All the non bbed tile clearly had coverage issues. 

So my takeaway from that vid is: If you use ditra bbing doesn’t do much.


----------



## avenge (Sep 25, 2008)

Big Johnson said:


> All the non bbed tile clearly had coverage issues.
> 
> So my takeaway from that vid is: If you use ditra bbing doesn’t do much.


My takeaway is if I anticipate having to demo my own tile job don't back butter.


----------



## Peter_C (Nov 26, 2014)

Big Johnson said:


> All the non bbed tile clearly had coverage issues.
> 
> So my takeaway from that vid is: If you use ditra bbing doesn’t do much.

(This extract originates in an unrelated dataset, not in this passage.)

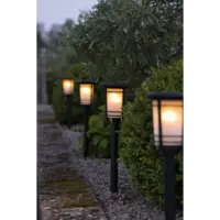 Solcellsdriven solcellspollare med 33 led som lyser med ett flammande sken när det är mörkt.
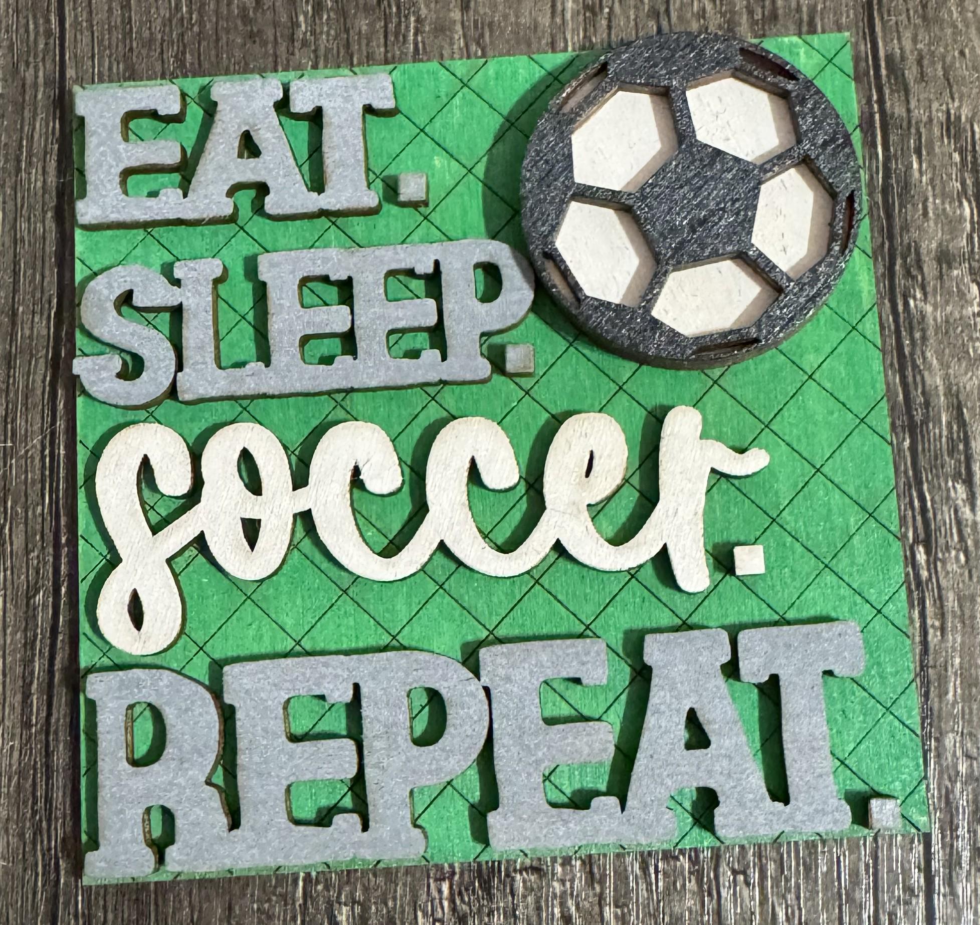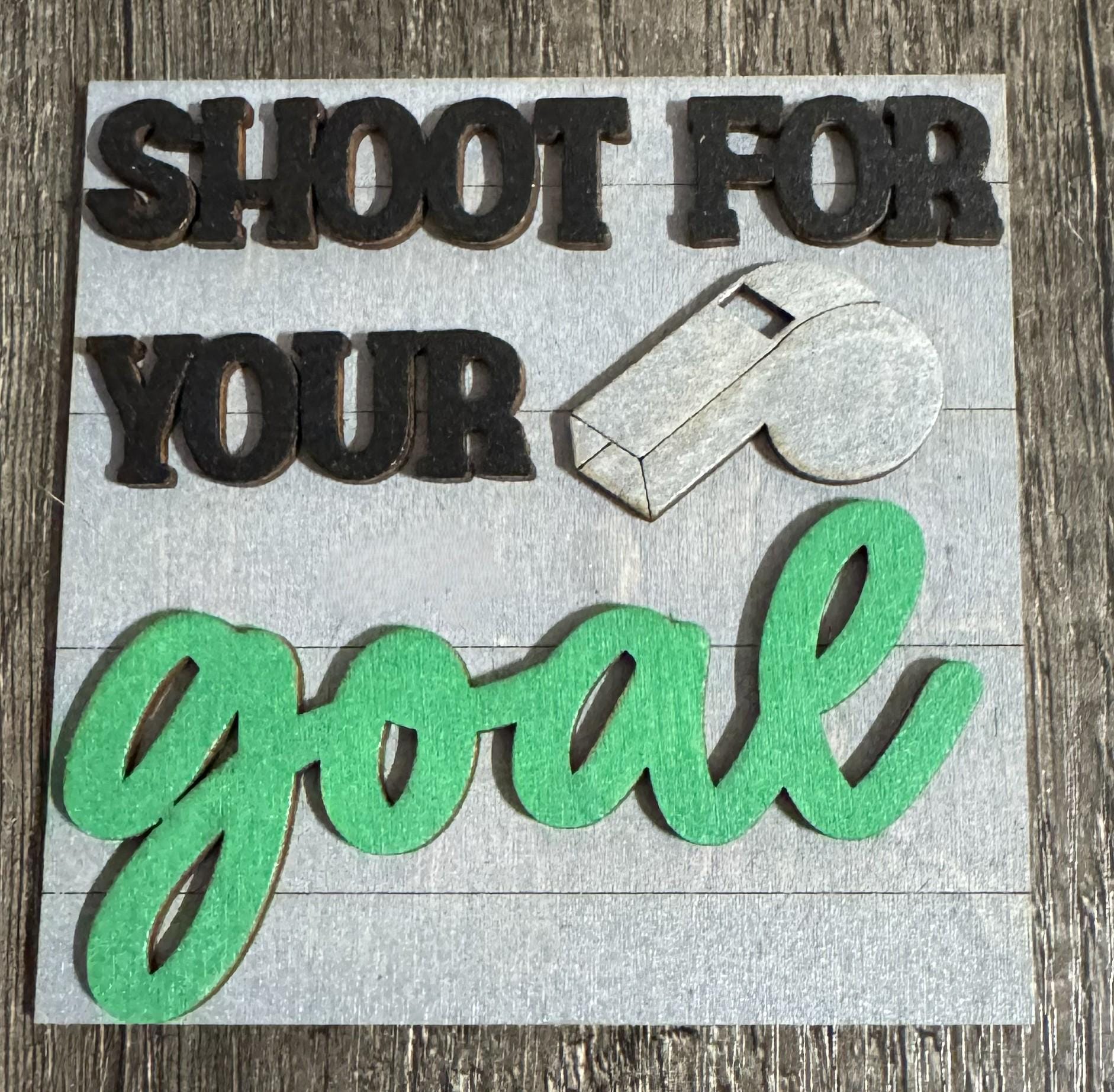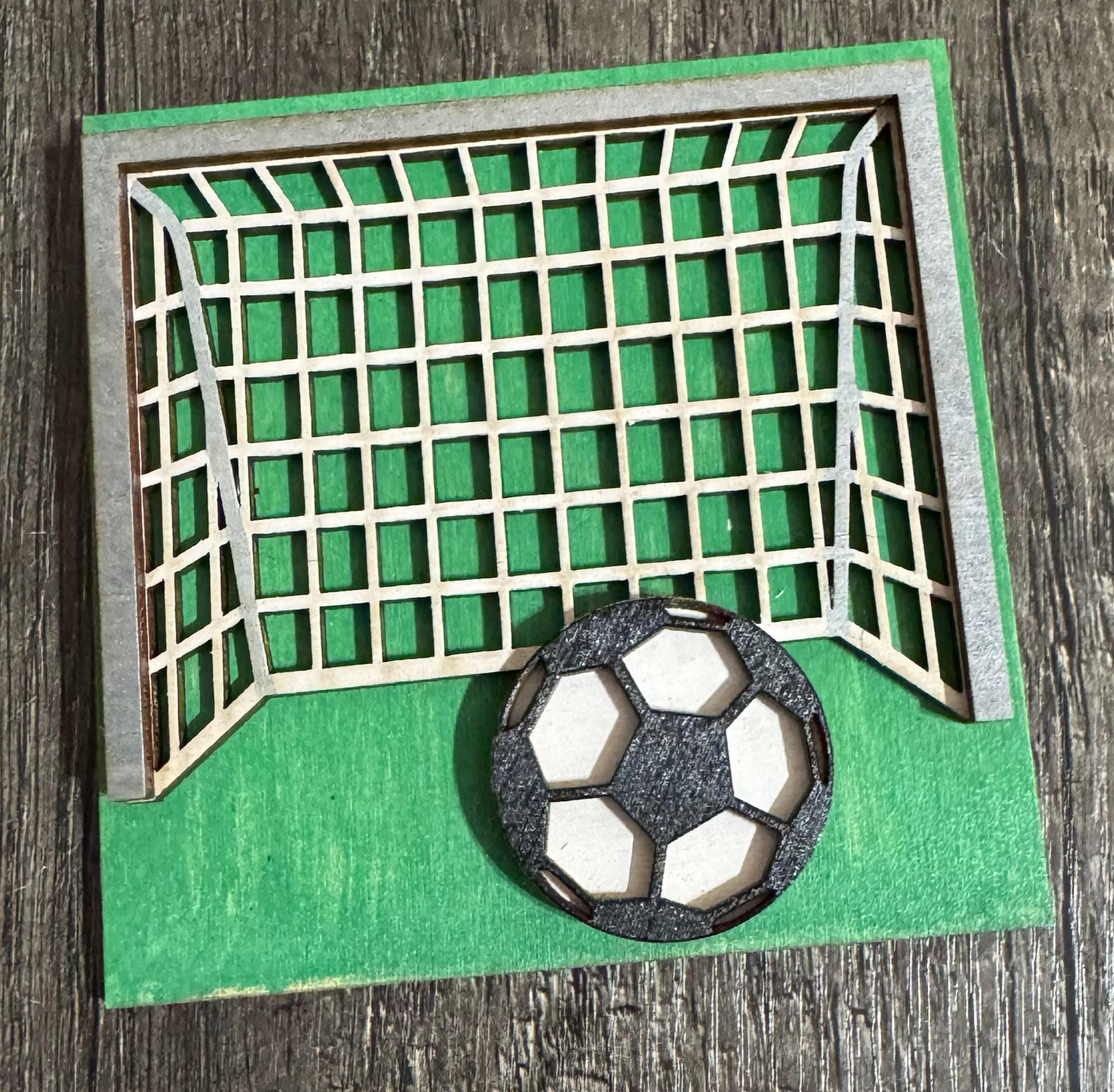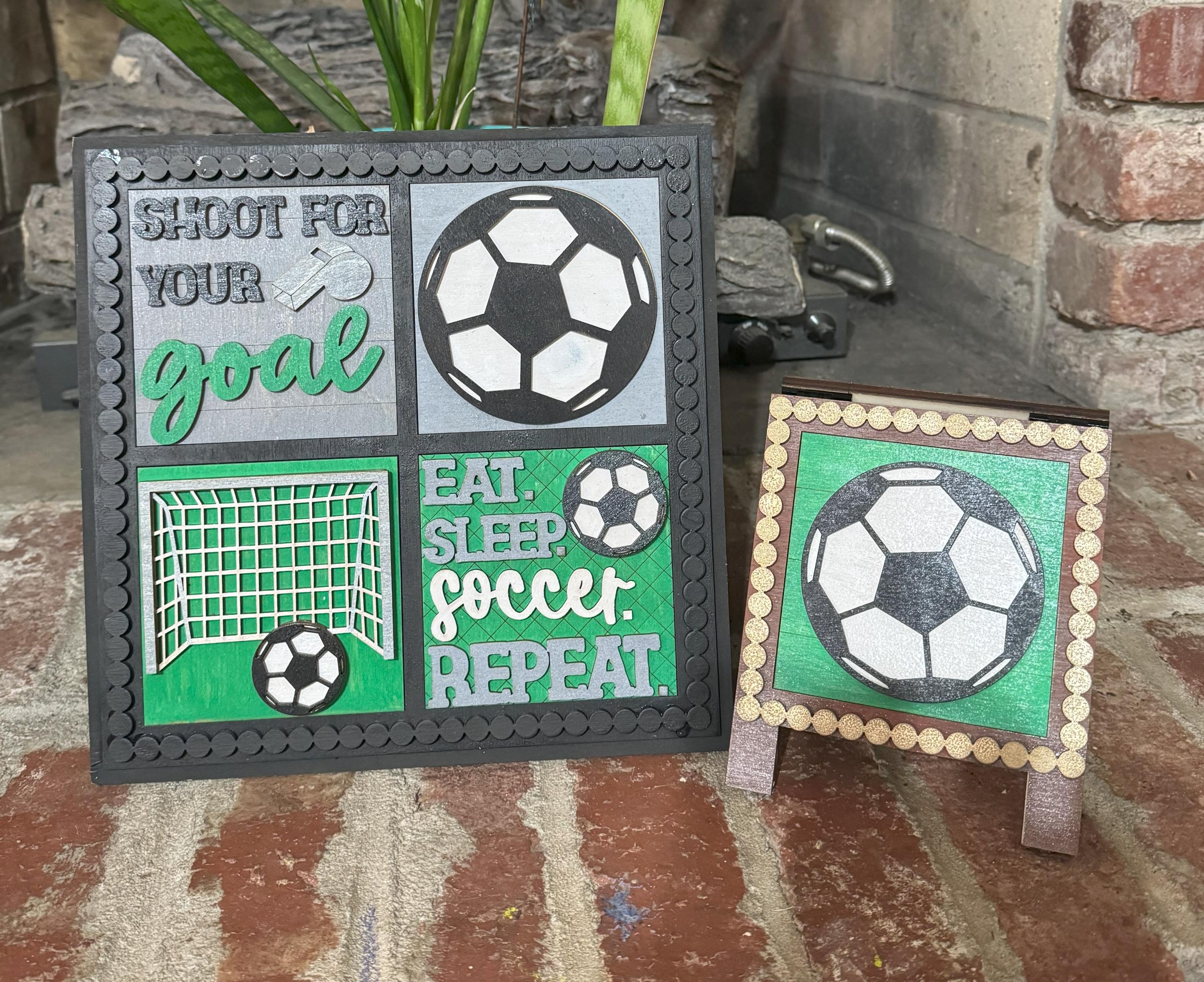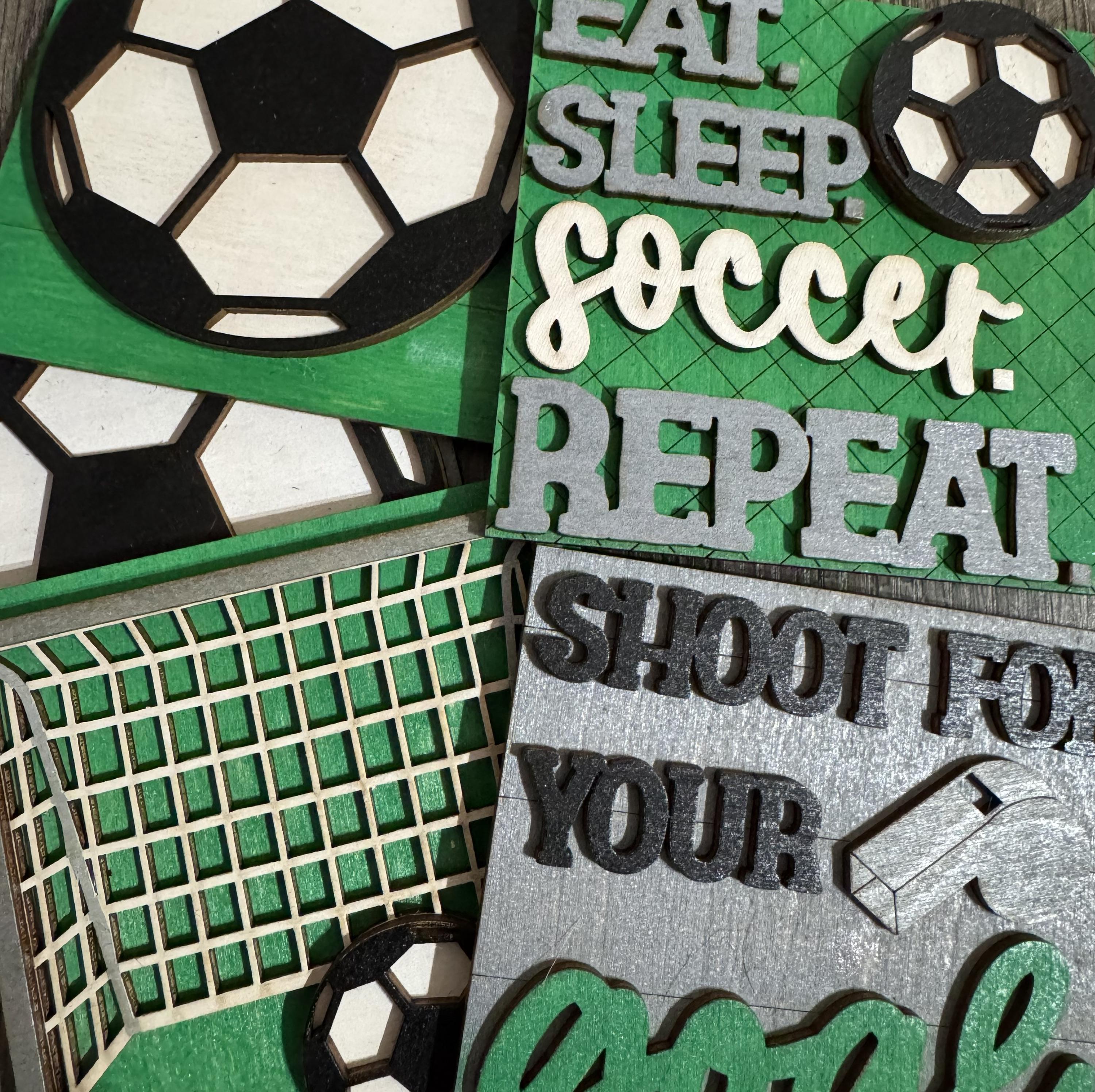 Celebrate the love of the game with these 4.25-inch hand‑painted wooden tiles, each designed with layered soccer details. Choose from soccer balls, goals, motivational sayings, and fun game‑day designs to create a custom display for shelves, tiered trays, kids’ rooms, game rooms, or gift giving.

I have a tile job coming up that has cracked grout and tiles. Chances are when I demo I will find there are coverage issues, and they are probably set on the plywood directly. I insist on using Ditra, and going below to shore up the flooring with blocking. Quality of work counts! For others there are hotel and chain restaurant tile jobs. :laughing:


----------